2022 Annual Meeting & Economic Impact Report

by | Jun 1, 2022 | News

On Friday, May 27, 2022 the Altoona Blair County Development (ABCD) Corp. held its first annual meeting since 2019. The event was a celebration of all that our organization and community has accomplished throughout the past three years not only on an economic development front but also the perseverance of our mountain town communities here in the First Frontier, Blair County, PA.

For our complete annual report click here for the PDF version, and below is a recap of the annual meeting as published in the the May 28, 2022 edition of The Altoona Mirror by Walt Frank.

Despite the coronavirus pandemic, economic development remains strong in Blair County as local businesses continue to bounce back and move forward.

That was the message Friday during the Altoona Blair County Development Corp. annual meeting at the Blair County Convention Center.

Friday marked the first time in three years the organization held the event.

In the past three years, ABCD Corp. directly supported and funded 146 business expansion projects resulting in a total capital investment of more than $140 million. Of that total, ABCD program funding accounted for more than $32 million. Those projects added 245 new jobs with more than 860 retained, said president/CEO Stephen McKnight.

Among those projects was the DelGrosso Foods expansion, which included a building acquisition and major production expansion. That $70 million project represented the largest single capital investment and manufacturing expansion ever in Blair County, McKnight said.

Another major redevelopment was the former 60-acre WATCO site in Hollidaysburg, now home to Curry Rail Services.

“That project brought back to life an otherwise vacant industrial site and greatly improved the visual appeal of the area in the process. In total, the projects represented a wide range of industry sectors to include health care, transportation, warehousing, hospitality and retail,” McKnight said.

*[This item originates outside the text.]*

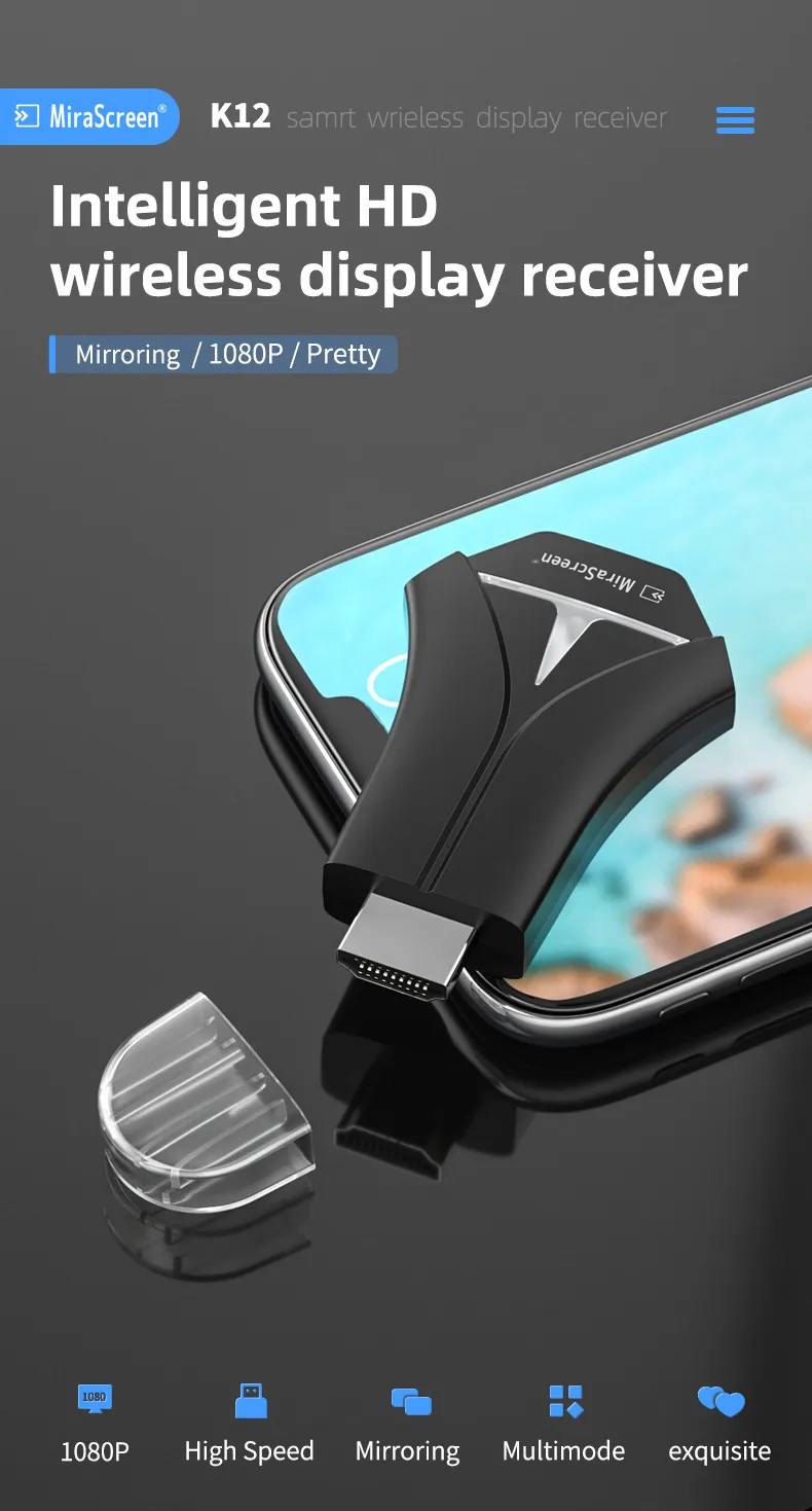Compact and easy to carry, this Linux-based streaming dongle is ideal for home entertainment, classrooms, or business meetings. Enjoy fast connectivity, smooth playback, and no lag—all without the hassle of cables or complicated setup. Turn any HDMI device into a wireless smart display with the Mirascreen K12.

ABCD Corp. is seeing significant strategic and financial commitments.

“This is the busiest I have ever seen our organization and that is good news. We feel confident Blair County businesses are positioned to get around some well-placed speed bumps,” Chairman of the Board Ron McConnell said.

Demand for labor has also remained strong. That was particularly important when Appvion, citing the pandemic itself, ceased operations permanently in 2021. That sudden closure dislocated more than 290 highly skilled workers. Fortunately, high skill was in demand, allowing many of those workers to land new opportunities quickly within the regional economy, McKnight said.

As for the empty Appvion plant, efforts to repurpose the site are ongoing, he said.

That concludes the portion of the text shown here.